English translation. Nobody knows, nobody will ever know. It has not been recorded anywhere, in no footnote of the history of the City or of the Party she dedicated her life to, or embedded in tales of the neighborhood and our family, but unaccounted for in any of the many books written about the tragic events of that period. Likely, she was buried in some unmarked grave behind the medieval Yendi Kule, in one of the makeshift "invisible" graveyards for executed communists and criminals from the Nazi Occupation and the Civil War years, razed after the war ended, unbeknownst to her husband and family, if not forsaken. The deep and dignified gaze of the family photo hid untold courage and will and determination. From that photograph and the fragments of dad’s memory, I only know of you, Magdalene! Although, I did also raise the red flag in my youth, like you did, fascinated by a nebulous revolutionary vision on the side of the damned of this world and wept whenever I heard "You have fallen victims, brothers, you..." -the anthem of the fallen Resistance fighters, I came in my maturity to the blunt and unfortunate realization: your sacrifice was not worth it. And that filled me with the deep sorrow for the unjust loss in vain of you and many of your comrades.

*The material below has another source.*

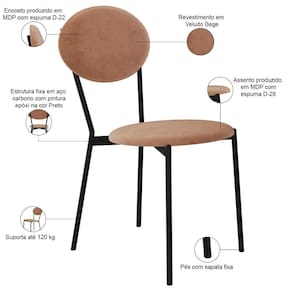 Model: Azuri | Firmeza: Firme | ProductWeight: 11 kg | É cadeira de balanço: Não | Material do estofamento: MDP, Espuma D22D28 e Veludo | Largura do assento: NA | Largura da cadeira: 43 cm | Peso máximo suportado: 120 kg | Requer montagem: Não | MaterialFamily: Aço, MDP e Veludo | OriginState: PR | ProductContents: 02 Cadeiras | ProductLength: 53 cm | ProductInstructions: Produto para uso em ambiente interno, nao devendo ficar exposto ao sol, calor e umidade excessivos. | Desenho do tecido: Liso | Cor da estrutura da cadeira: Preto | Cor do assento: Bege | Altura da cadeira: 86 cm | Profundidade da cadeira: 53 cm | Profundidade do assento: 42 cm | ColorSimple: Bege | Espessura do assento: na | Altura do assento a partir do solo: 49 cm | Tempo de montagem: na | É dobrável: Não | Cor: Bege | Color: Bege | É empilhável: Não | ColorFamily: Bege | ColorSupplier: Bege | Cor do estofamento: Bege | Fabricante: Lyam Decor | Material: Estrutura em Aço e MDP, Revestimento em Veludo | OriginCountry: Brasil | SizeDescription: Altura: 172 cm x Largura: 43 cm x Profundidade: 53 cm | ProductWidth: 43 cm | SupplierSimpleName: Kit 02 Cadeiras Estofada Para Sala de Jantar Azuri Preto C01 Veludo Bege - Lyam Decor | ProductWarranty: 90 dias após o recebimento do produto | ProductHeight: 172 cm
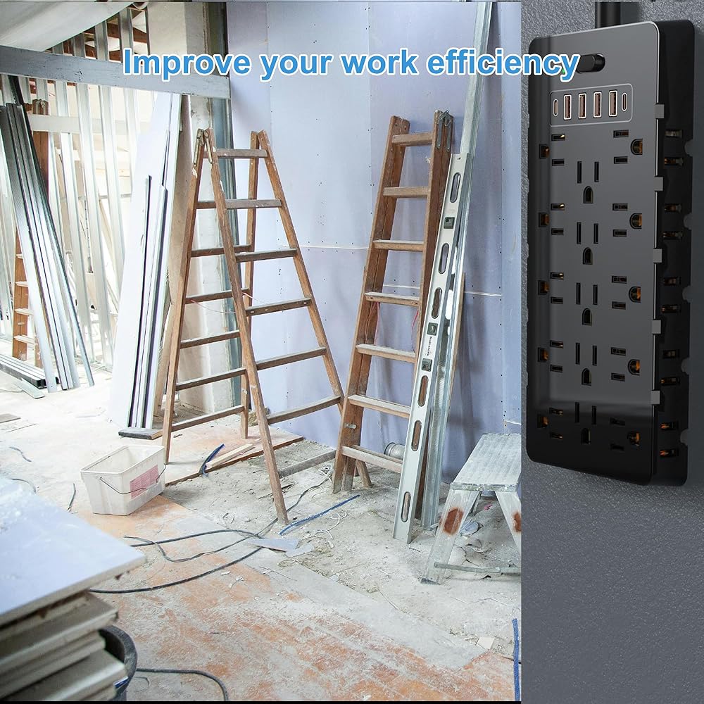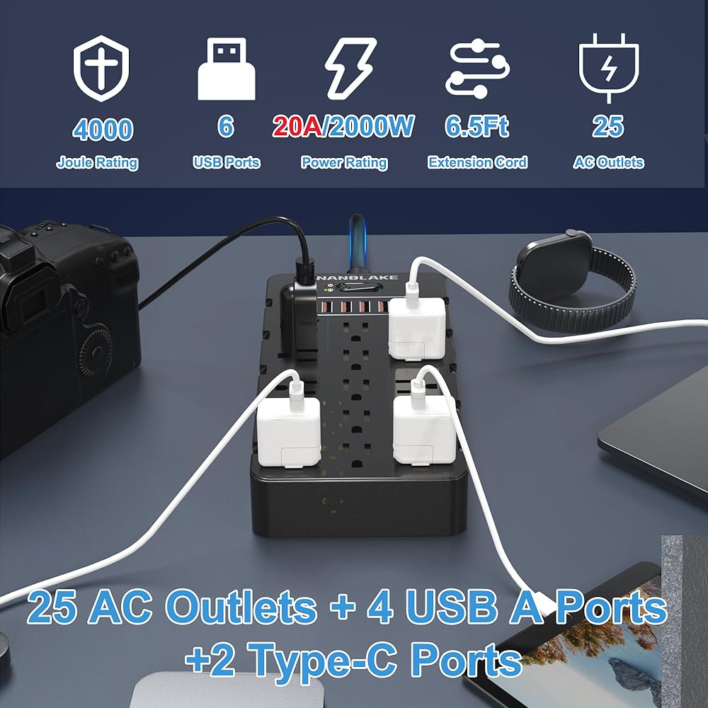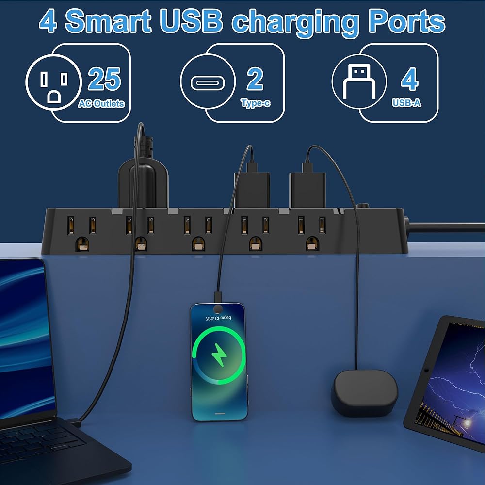 Diverse Charging Outlets: Our power strip offers 6 USB ports including 4 USB-A & 2 Type-C ports, with built-in smart charging technology for faster and intelligent device charging.

Several times, alone or with a partner, I climbed to Thessaloniki’s Acropolis and the Yendi Koule fortress through the cobbled streets of the Upper Town several times. I told, Magdalene, your short story to everyone I had by my side in those visits. I walked into the detention chambers, into the solitary confinement cells, into the claustrophobic courtyards surrounded by tall walls. I walked around behind the walls of the Ottoman fortress, which the modern Greek stake transformed to a notorious prison, where communists, the Nazi Fritz Schubert, and other criminals, last being in 1968 of a certain Pagkratideswere jailed and executed. Unkempt grass, weeds, some scattered old trees, the floodlights that illuminate the grey walls of the miserable prison, for the benefit of tourists and passers-by, then houses, too many houses, the main road, the school that was built on the graves of the executed, the church of St Paul, the pine forest beyond. Nothing would have hinted to the horrors that unfolded further down the barren hill decades ago.